Vivian took a dramatic tumble off her bike when she went around a corner too fast and ended up head first off the trail. But luckily she got away with just a bit of road rash. In the last picture she’s pointing to where it happened. The ride ended up being just a tad long for Evan but he powered through and we rewarded ourselves with a great lunch at The Fork and Tap, a lovely old stone pub. Then we headed off to drive around the South Island for the next two weeks.

First stop was a tiny settlement called Haast. To reach it we drove past dramatic lakes and blue pools of glacial water, and followed the winding Makarora and then the Haast rivers through dense temperate rain forests and stands of fern trees, arriving there just before sunset.

New Zealand

When we landed in Queenstown airport and stepped out on the tarmac and gazed around at the green meadows and the jagged peaks of the Remarkables rising up above us, Vivian took a deep breath and let it out slowly.

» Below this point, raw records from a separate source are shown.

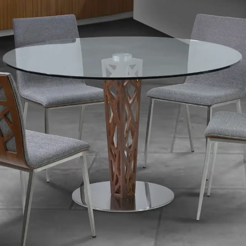 Armen Living Crystal 48" Round Dining Table in Walnut Veneer, Brushed Stainless Steel & Tempered Glass Top
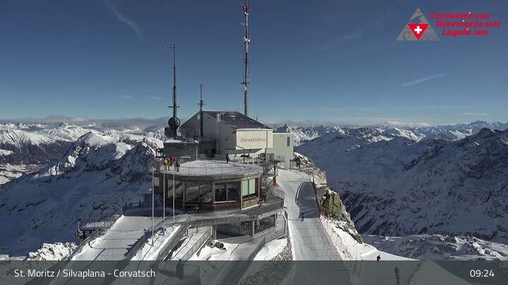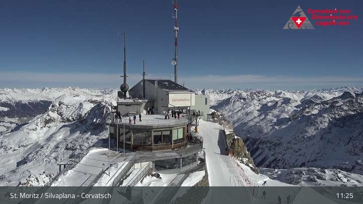 Die Webcam zeigt einen tollen Panoramablick von der Bergstation der Seilbahn am Corvatsch auf den Silvaplanersee.
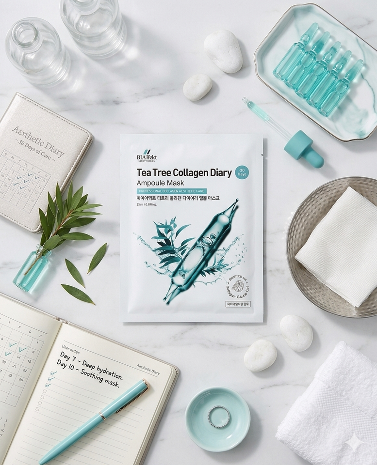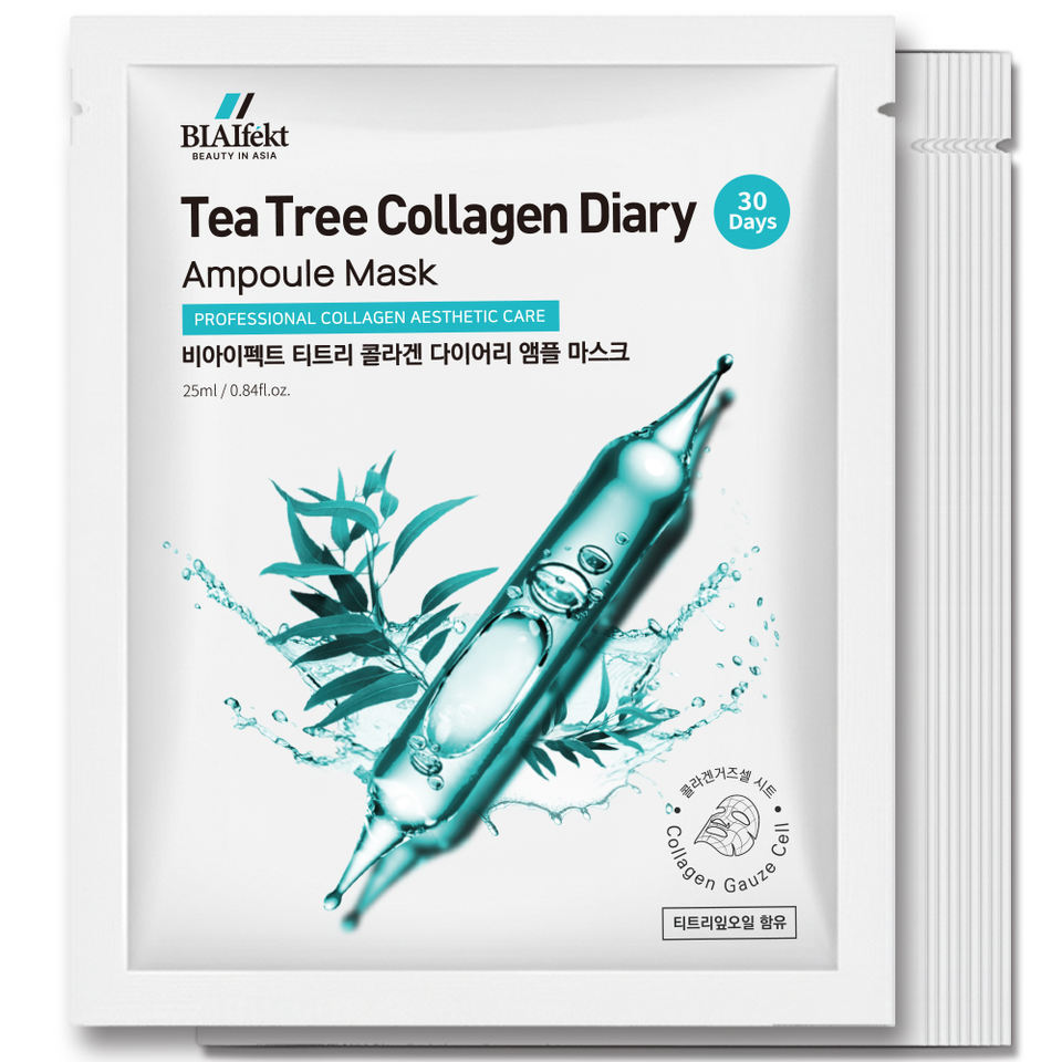 Mascarilla Facial Coreana de Árbol de Té y Colágeno, Ampolla Calmante para el Acné, Antienvejecimiento, Calmante de Poros, Iluminadora, Blanqueadora y Exfoliante

Then she said “If Australia is Tom Holland, then New Zealand is Chris Hemsworth”. Pause for five seconds to look around in awe again. Then “which is ironic because Chris Hemsworth is Australian.”

If you didn’t get that and I wouldn’t if Vivian hadn’t trained me, it means that Australia is nice to look at and New Zealand is gorgeous.

We spent two days in Queenstown. Our Airbnb apartment that I booked just before departing Sydney had an amazing view of the lake and mountains in front. We met Rajeeta and Gunaraj for dinner. The next morning we drove up to the two nearby ski places for the view. The wind almost blew us off Coronet Peak and it snowed on us at the Remarkables. The kids found it hilarious that this was summer in New Zealand. That evening Evan convinced us to spend some time in a fully immersive VR game where we shot zombies.

We could have spent a couple of weeks in Queenstown. And we didn’t venture towards Milford Sound, New Zealand’s most picture prefect spot, because we didn’t have enough time. You travel for a whole year and still your most scarce resource is time.